◆ Work required ◆
The material below has pictures in it. Set down only the lines from the line containing "Yalova'da jandarma ekipleri, kaçak" through the line containing "Wir vom PMC", word for word, and leave the pictures behind.

◆ Data for processing ◆
= = = = =
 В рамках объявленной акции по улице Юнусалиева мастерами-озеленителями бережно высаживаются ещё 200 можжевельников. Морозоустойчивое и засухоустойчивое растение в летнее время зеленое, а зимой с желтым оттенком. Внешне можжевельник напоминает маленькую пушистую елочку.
= = = = =
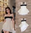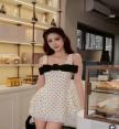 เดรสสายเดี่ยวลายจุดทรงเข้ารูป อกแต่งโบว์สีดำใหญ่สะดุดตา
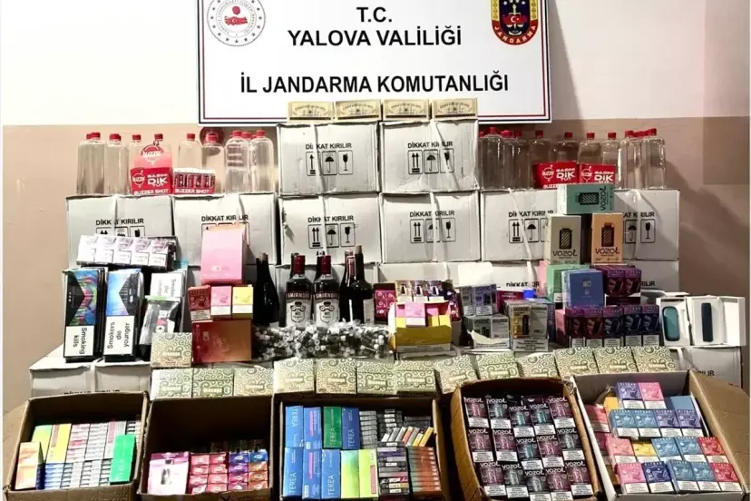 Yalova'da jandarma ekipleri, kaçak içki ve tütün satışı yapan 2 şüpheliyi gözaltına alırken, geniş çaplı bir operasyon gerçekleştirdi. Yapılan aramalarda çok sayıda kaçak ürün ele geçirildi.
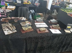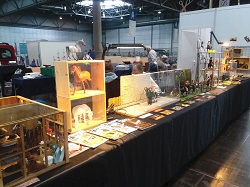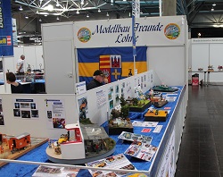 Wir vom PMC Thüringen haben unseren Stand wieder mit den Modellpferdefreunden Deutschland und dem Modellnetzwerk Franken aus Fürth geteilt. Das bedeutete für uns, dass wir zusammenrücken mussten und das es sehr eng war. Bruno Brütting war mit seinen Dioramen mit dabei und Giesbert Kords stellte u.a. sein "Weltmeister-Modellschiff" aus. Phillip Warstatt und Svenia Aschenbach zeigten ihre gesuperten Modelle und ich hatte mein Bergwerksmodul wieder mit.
= = = = =
◆ Answer space ◆
 Yalova'da jandarma ekipleri, kaçak içki ve tütün satışı yapan 2 şüpheliyi gözaltına alırken, geniş çaplı bir operasyon gerçekleştirdi. Yapılan aramalarda çok sayıda kaçak ürün ele geçirildi.
 Wir vom PMC Thüringen haben unseren Stand wieder mit den Modellpferdefreunden Deutschland und dem Modellnetzwerk Franken aus Fürth geteilt. Das bedeutete für uns, dass wir zusammenrücken mussten und das es sehr eng war. Bruno Brütting war mit seinen Dioramen mit dabei und Giesbert Kords stellte u.a. sein "Weltmeister-Modellschiff" aus. Phillip Warstatt und Svenia Aschenbach zeigten ihre gesuperten Modelle und ich hatte mein Bergwerksmodul wieder mit.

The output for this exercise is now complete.